Posted by Mark Daley on 31 July 2020
Tagged to Benchmarks Regulation, EC, FX

Last week we saw the UK take action to prevent the onshored Benchmarks Regulation preventing UK regulated entities being able to refer to unauthorised spot FX rates, some of which (such as KRW/USD and TWD/USD) are widely used in non-deliverable forward contracts. Its solution was to delay the current transition period under the BMR until the end of 2025. The EC’s second proposed amendment from last Friday to amend the Benchmarks Regulation concerns the same issue, and proposes amending the BMR to permit the EC to designate certain spot FX rate benchmarks.
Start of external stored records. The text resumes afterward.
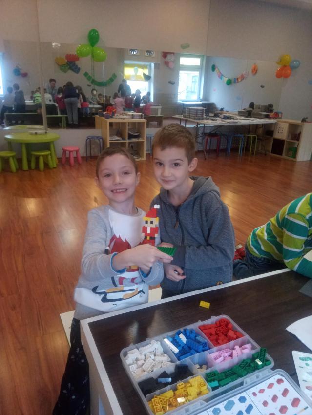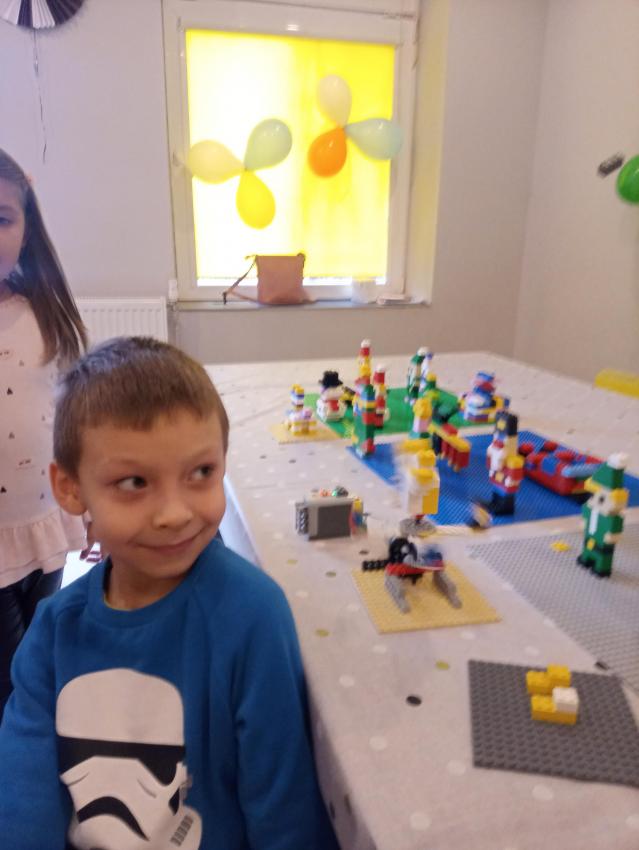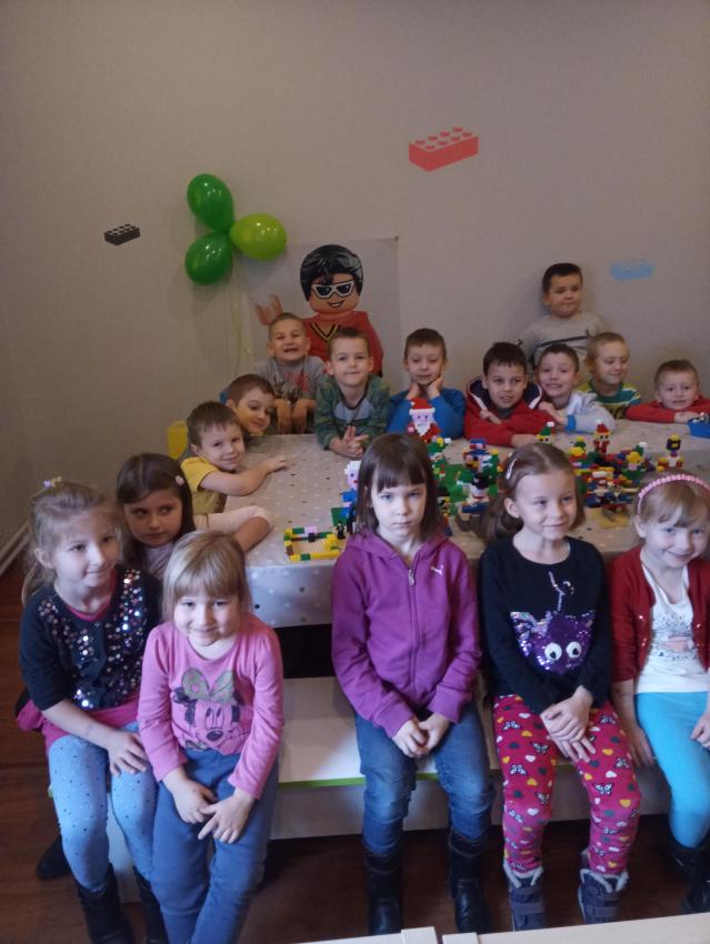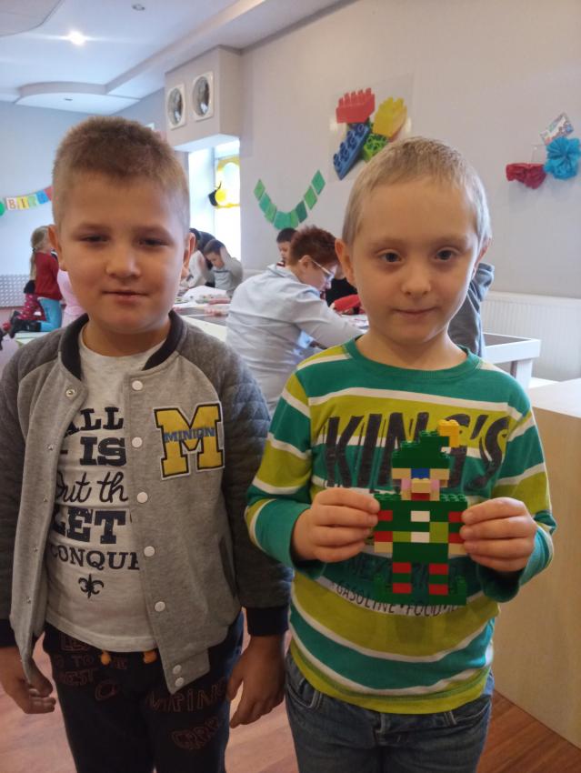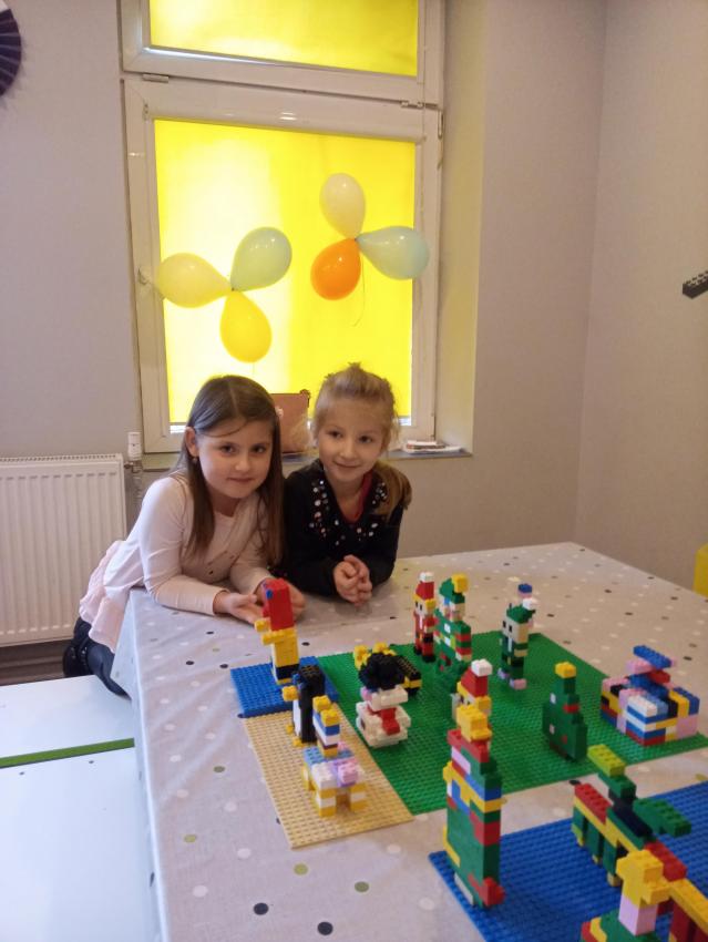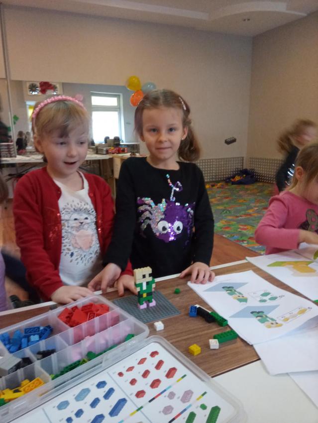 Budowanie z klocków LEGO sprawiło im wiele przyjemności. Dzieci otrzymały instrukcje jak zbudować wybraną zabawkę. Poradziły sobie z tym zadaniem wspaniale. W przerwie animatorki prowadziły wesołe zabawy przy muzyce.
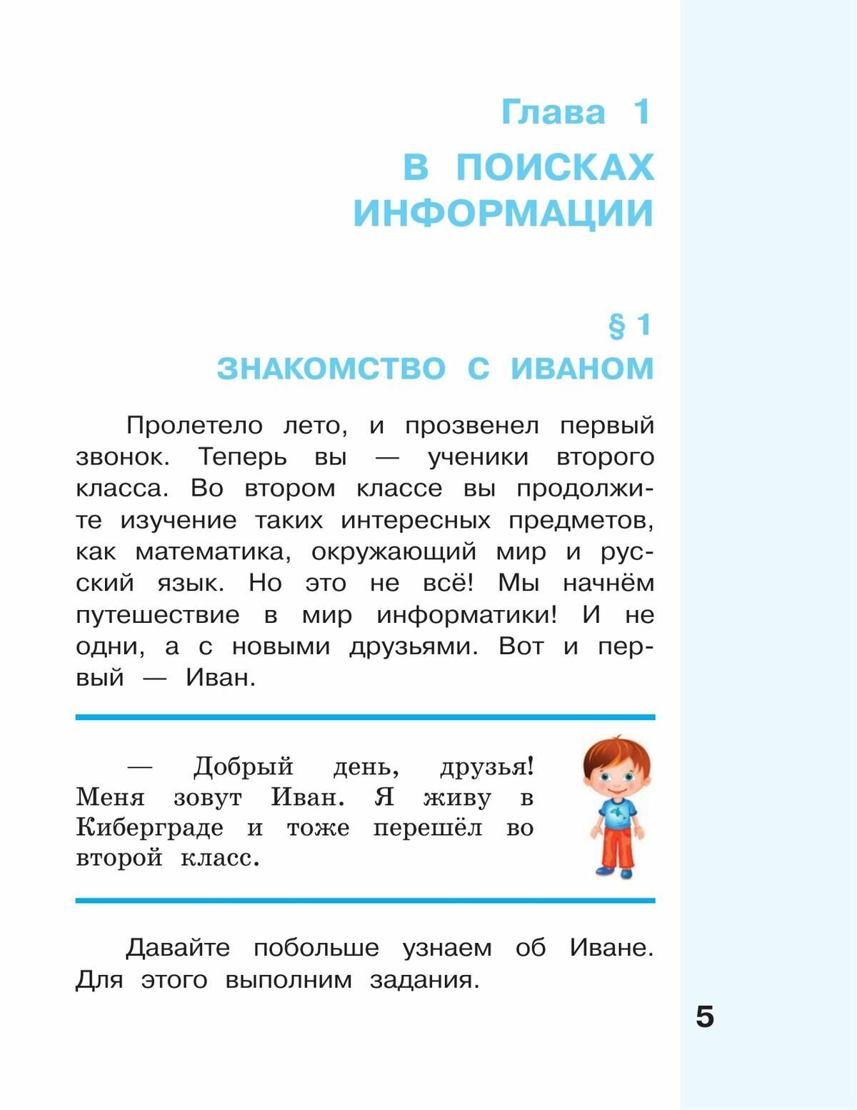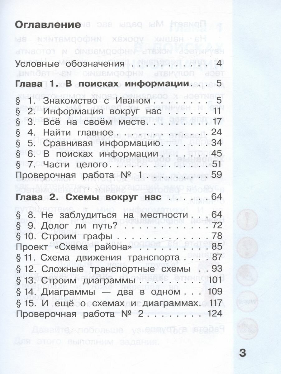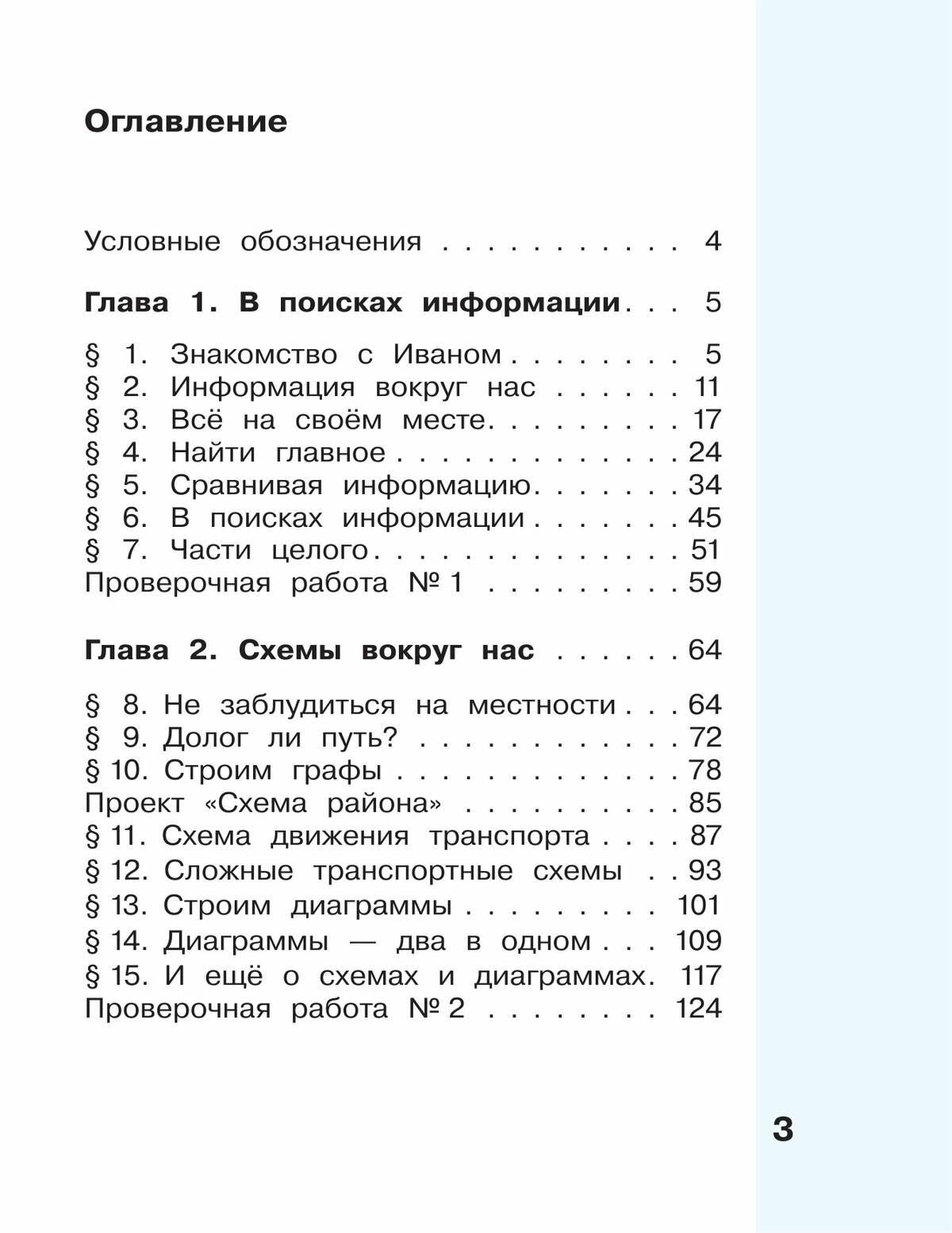 Учебник входит в состав учебно-методического комплекта по информатике для 2-4 классов, включающего примерную рабочую программу, учебники в печатной и электронной формах, рабочие тетради, методические пособия. Обеспечивает достижение предметных результатов предметной области "Математика и информатика": овладение основами логического и алгоритмического мышления; умение работать с таблицами, схемами, графиками и диаграммами; умение представлять, анализировать и интерпретировать данные; приобретение первоначальных представлений о компьютерной грамотности. Способствует формированию метапредметных результатов: освоению способов решения проблем творческого и поискового характера, овладению логическими действиями, умению решать коммуникативные и познавательные задачи с использованием средств ИКТ.
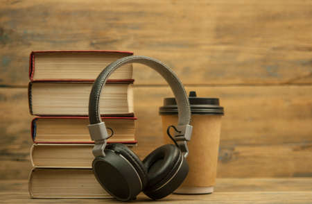 Audio book concept. Black headphones with books and cup of black fresh coffee on wooden table. Top view
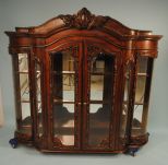 Large Mahogany Contemporary Lighted Display Cabinet. Bonnet top with carved cartouche, two beveled glass doors with smaller beveled glass sections on each side that do not open, rounded opening beveled glass doors at each end, has glass interior shelves. H. 65" W. 76 1/2" D. 22" Large Mahogany Contemporary Lighted Display Cabinet. Bonnet top with carved cartouche, two beveled glass doors with smaller beveled glass sections on each side that do not open, rounded opening beveled glass doors at each end, has glass interior shelves. H. 65" W. 76 1/2" D. 22"

EU regulated entities need something, because these rates are used by them to hedge their risk (e.g. to hedge the KRD, TWD and the PHP), but they are provided by a non-EU administrator which is not regulated under the BMR and is unlikely to apply to be, and which is not likely to come under an equivalence declaration either, because most non-EU countries do not even have a specific benchmark regulatory regime which covers spot FX, which gives you nothing to compare against the EU rules, without which you cannot have equivalence.  EU regulated entities are currently in a transitional phase which allows them to “use” unauthorised benchmarks until the end of 2021, but after that, if nothing were done, they would be unable to carry on using these spot FX rates to hedge themselves.  The EC had considered the possibility of a blanket exemption from the BMR for any third country benchmark unless it had been designated as critical for financial stability in the EU (which is what AFME and ISDA and others had proposed earlier this month, but decided it could not because this would have been inconsistent with the original BMR approach, which is to provide for comprehensive coverage of all third country benchmarks.